University of Western Australia, Perth, WA.
King Edward Memorial Hospital for Women, Perth, WA.
Med J Aust. 2019 Sep;211(6):261-265. doi: 10.5694/mja2.50266. Epub 2019 Jul 14.
To compare rates of detectability of circulating Rh(D)-immunoglobulin (anti-D) at delivery with single and two-dose antenatal anti-D prophylaxis (RAADP) regimens; to compare compliance with the two regimens.
Open label, randomised controlled trial between May 2013 and November 2015.
SETTING, PARTICIPANTS: 277 women who attended a tertiary obstetric referral hospital in Perth for antenatal care and were at least 18 years of age, less than 30 weeks pregnant and yet to receive RAADP, Rh(D)-negative (negative antibody screen), and who intended to deliver their baby at the hospital. Exclusion criteria were prior anti-D sensitisation, any contraindication of anti-D administration, and a history of isolated IgA deficiency.
One 1500 IU anti-D dose at 28 weeks of pregnancy (single dose regimen); two doses of 625 IU each at 28 and 34 weeks of pregnancy (two-dose regimen).
The primary outcome was the proportion of women with detectable anti-D levels at delivery; the secondary outcome was compliance with the allocated RAADP regimen.
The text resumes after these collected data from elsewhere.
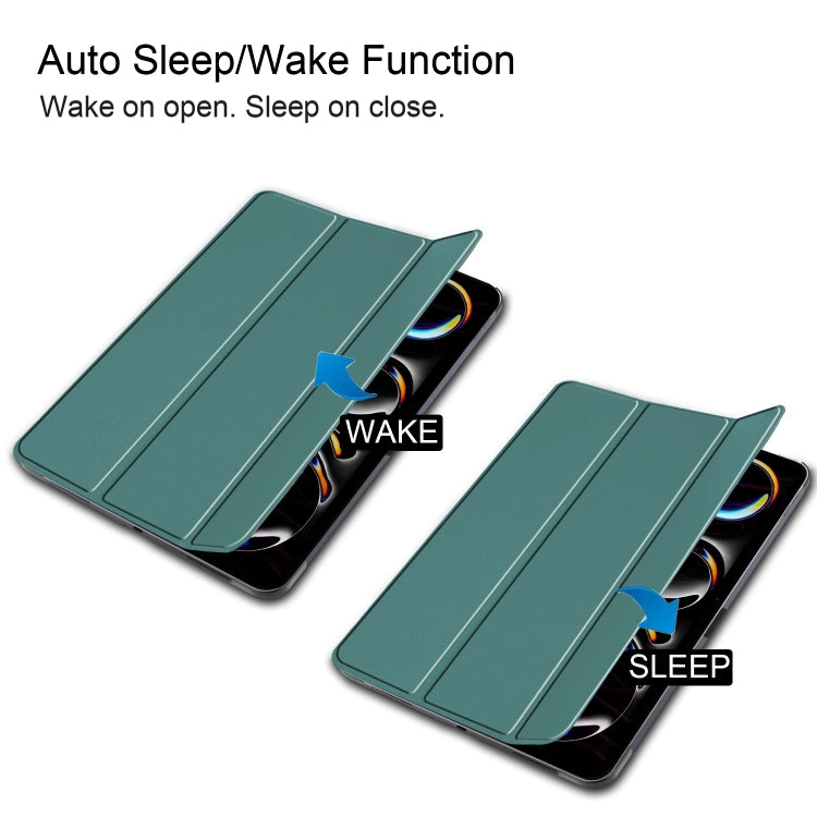 For iPad Pro 13 2024 Custer Pure Color 3-Fold Holder Smart Leather Tablet Case(Dark Green)
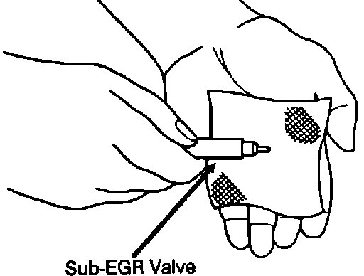 NOTE: Do not use a screwdriver in the bore of the Sub-EGR valve since this will scratch and cause carbon to build up quickly.
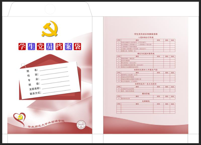 为落实全面从严治党,切实加强基层党组织标准化建设,严把党员发展质量、规范党员发展过程监督、强化党建档案制度管理,针对党建督查中暴露出的党员发展问题,伟德victor1946党委近期设计印制了“学生党员成长档案袋”。
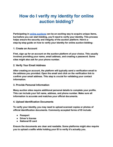 Participating in online auctions can be an exciting way to acquire unique items, but before you can start bidding, you’ll need to verify your identity. This process helps ensure the security and integrity of the auction platform.

Circulating anti-D was detectable at delivery in a greater proportion of women in the two-dose group (111 of 129, 86%) than in the single dose group (70 of 125, 56%; P < 0.001). Compliance was not significantly different between the single dose (86 of 138, 61%) and two-dose groups (70 of 139, 50%; P = 0.06).
The two-dose RAADP schedule currently recommended in Australia provides better protection against Rh(D) sensitisation than a one-dose regimen.
Australian and New Zealand Clinical Trials Registry (ACTRN12613000661774).
比较单次和双剂量产前抗-D 预防(RAADP)方案在分娩时检测循环 Rh(D)-免疫球蛋白(抗-D)的检出率;比较两种方案的依从性。
2013 年 5 月至 2015 年 11 月期间进行的开放标签、随机对照试验。
地点、参与者:277 名在珀斯的三级产科转诊医院接受产前护理的妇女,年龄至少 18 岁,怀孕不到 30 周,尚未接受 RAADP,Rh(D)-阴性(阴性抗体筛查),并打算在医院分娩。排除标准为既往抗-D 致敏、抗-D 给药的任何禁忌症以及孤立性 IgA 缺乏症病史。
妊娠 28 周时给予 1500IU 抗-D 剂量(单剂量方案);妊娠 28 周和 34 周时各给予 625IU 双剂量(双剂量方案)。
主要结局为分娩时可检测到抗-D 水平的女性比例;次要结局为符合分配的 RAADP 方案。
双剂量组(129 名中的 111 名,86%)分娩时可检测到循环抗-D 的女性比例明显高于单剂量组(125 名中的 70 名,56%;P<0.001)。单剂量组(138 名中的 86 名,61%)和双剂量组(139 名中的 70 名,50%;P=0.06)之间的依从性无显著差异。
目前在澳大利亚推荐的双剂量 RAADP 方案比单剂量方案提供更好的 Rh(D) 致敏预防。
澳大利亚和新西兰临床试验注册(ACTRN12613000661774)。